◆ **Given data**
**********
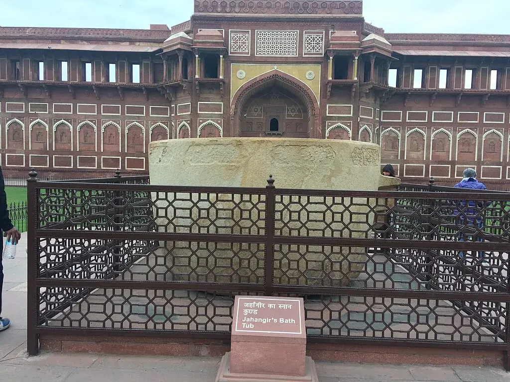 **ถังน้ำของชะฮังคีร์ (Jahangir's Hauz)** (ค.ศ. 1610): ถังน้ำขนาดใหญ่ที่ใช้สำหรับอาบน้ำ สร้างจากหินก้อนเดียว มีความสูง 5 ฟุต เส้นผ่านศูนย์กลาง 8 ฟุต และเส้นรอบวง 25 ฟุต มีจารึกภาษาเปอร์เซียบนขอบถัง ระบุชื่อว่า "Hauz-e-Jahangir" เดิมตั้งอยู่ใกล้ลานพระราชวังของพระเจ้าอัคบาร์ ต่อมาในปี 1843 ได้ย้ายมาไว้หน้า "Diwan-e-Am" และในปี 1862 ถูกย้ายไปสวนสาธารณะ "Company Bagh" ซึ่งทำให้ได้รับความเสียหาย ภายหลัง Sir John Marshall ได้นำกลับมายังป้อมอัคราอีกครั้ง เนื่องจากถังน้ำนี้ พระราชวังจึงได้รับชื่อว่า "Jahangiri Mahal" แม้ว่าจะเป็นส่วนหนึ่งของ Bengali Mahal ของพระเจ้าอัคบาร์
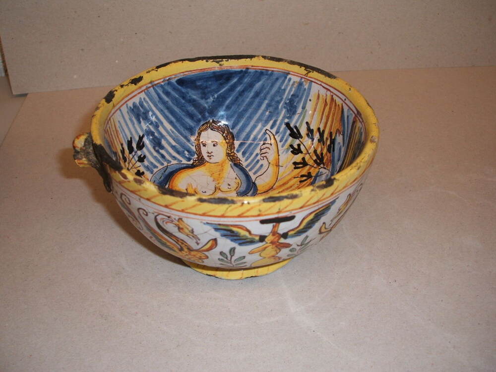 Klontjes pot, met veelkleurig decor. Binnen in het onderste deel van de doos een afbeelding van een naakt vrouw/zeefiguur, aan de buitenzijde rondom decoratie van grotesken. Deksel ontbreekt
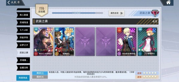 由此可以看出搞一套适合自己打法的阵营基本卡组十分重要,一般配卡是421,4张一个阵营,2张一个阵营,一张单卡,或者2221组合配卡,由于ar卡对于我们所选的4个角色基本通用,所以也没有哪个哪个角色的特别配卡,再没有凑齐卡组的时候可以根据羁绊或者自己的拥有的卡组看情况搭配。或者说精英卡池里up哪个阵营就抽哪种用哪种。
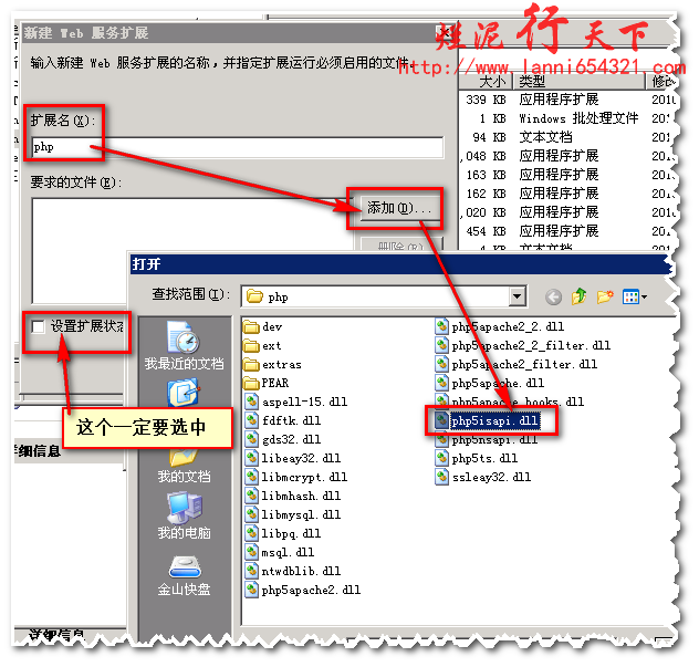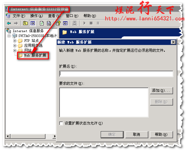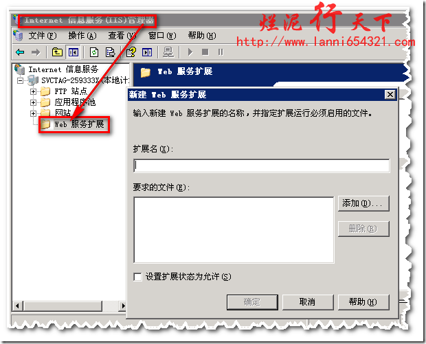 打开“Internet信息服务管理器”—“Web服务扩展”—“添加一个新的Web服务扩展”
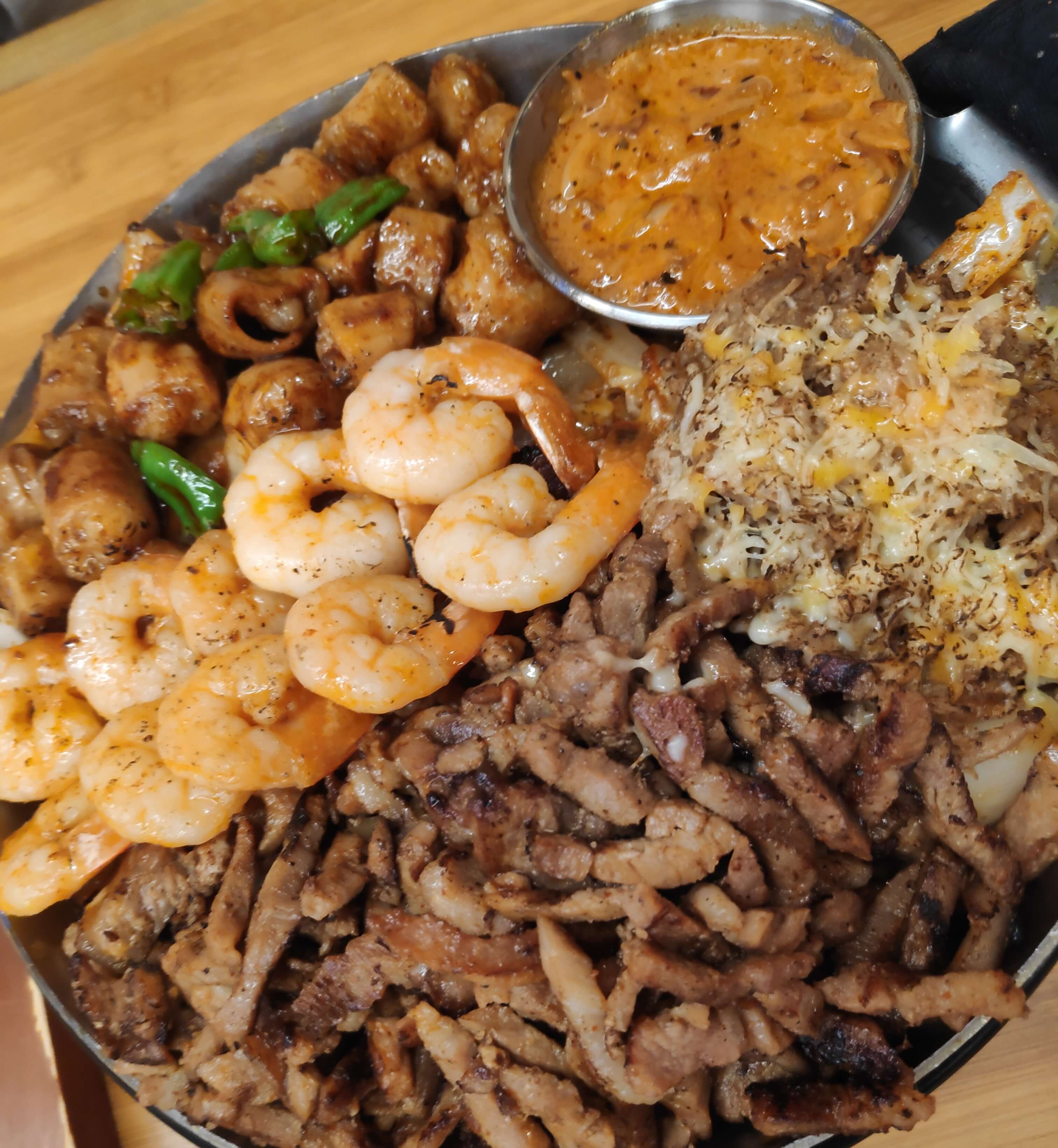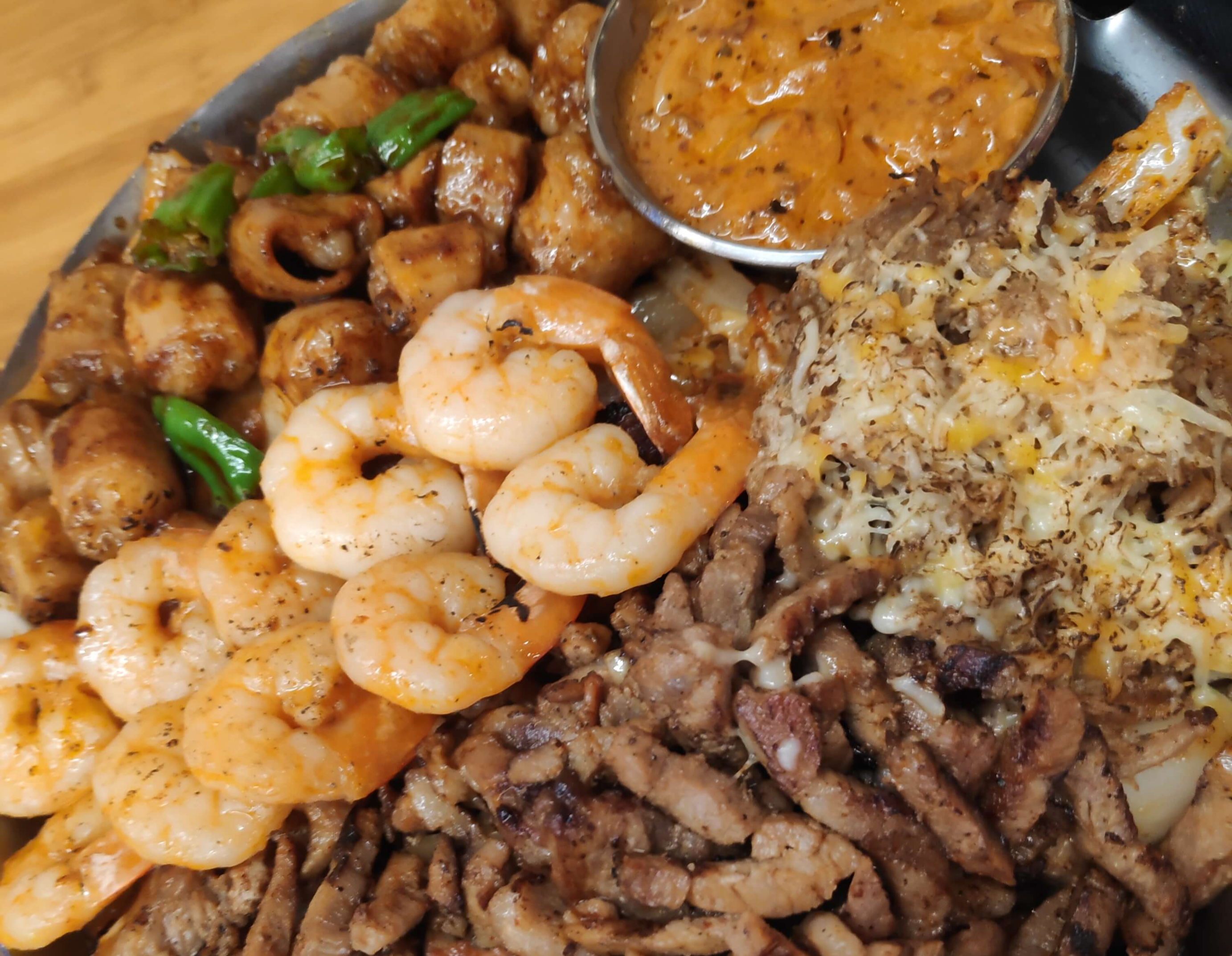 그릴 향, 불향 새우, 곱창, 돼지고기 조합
**********
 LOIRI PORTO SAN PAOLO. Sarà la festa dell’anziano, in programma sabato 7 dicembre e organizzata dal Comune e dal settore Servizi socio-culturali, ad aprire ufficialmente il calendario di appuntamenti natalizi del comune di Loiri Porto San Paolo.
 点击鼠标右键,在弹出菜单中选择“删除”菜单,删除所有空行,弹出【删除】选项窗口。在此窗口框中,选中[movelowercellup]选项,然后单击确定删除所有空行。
**********
◆ **Work request**
Within the listing above, the lines from the one with "Bengali Mahal ของพระเจ้าอัคบาร์" through the one with "Klontjes pot, met" are to be given again word for word. Do not include pictures.

◆ **Your response**
 **ถังน้ำของชะฮังคีร์ (Jahangir's Hauz)** (ค.ศ. 1610): ถังน้ำขนาดใหญ่ที่ใช้สำหรับอาบน้ำ สร้างจากหินก้อนเดียว มีความสูง 5 ฟุต เส้นผ่านศูนย์กลาง 8 ฟุต และเส้นรอบวง 25 ฟุต มีจารึกภาษาเปอร์เซียบนขอบถัง ระบุชื่อว่า "Hauz-e-Jahangir" เดิมตั้งอยู่ใกล้ลานพระราชวังของพระเจ้าอัคบาร์ ต่อมาในปี 1843 ได้ย้ายมาไว้หน้า "Diwan-e-Am" และในปี 1862 ถูกย้ายไปสวนสาธารณะ "Company Bagh" ซึ่งทำให้ได้รับความเสียหาย ภายหลัง Sir John Marshall ได้นำกลับมายังป้อมอัคราอีกครั้ง เนื่องจากถังน้ำนี้ พระราชวังจึงได้รับชื่อว่า "Jahangiri Mahal" แม้ว่าจะเป็นส่วนหนึ่งของ Bengali Mahal ของพระเจ้าอัคบาร์
 Klontjes pot, met veelkleurig decor. Binnen in het onderste deel van de doos een afbeelding van een naakt vrouw/zeefiguur, aan de buitenzijde rondom decoratie van grotesken. Deksel ontbreekt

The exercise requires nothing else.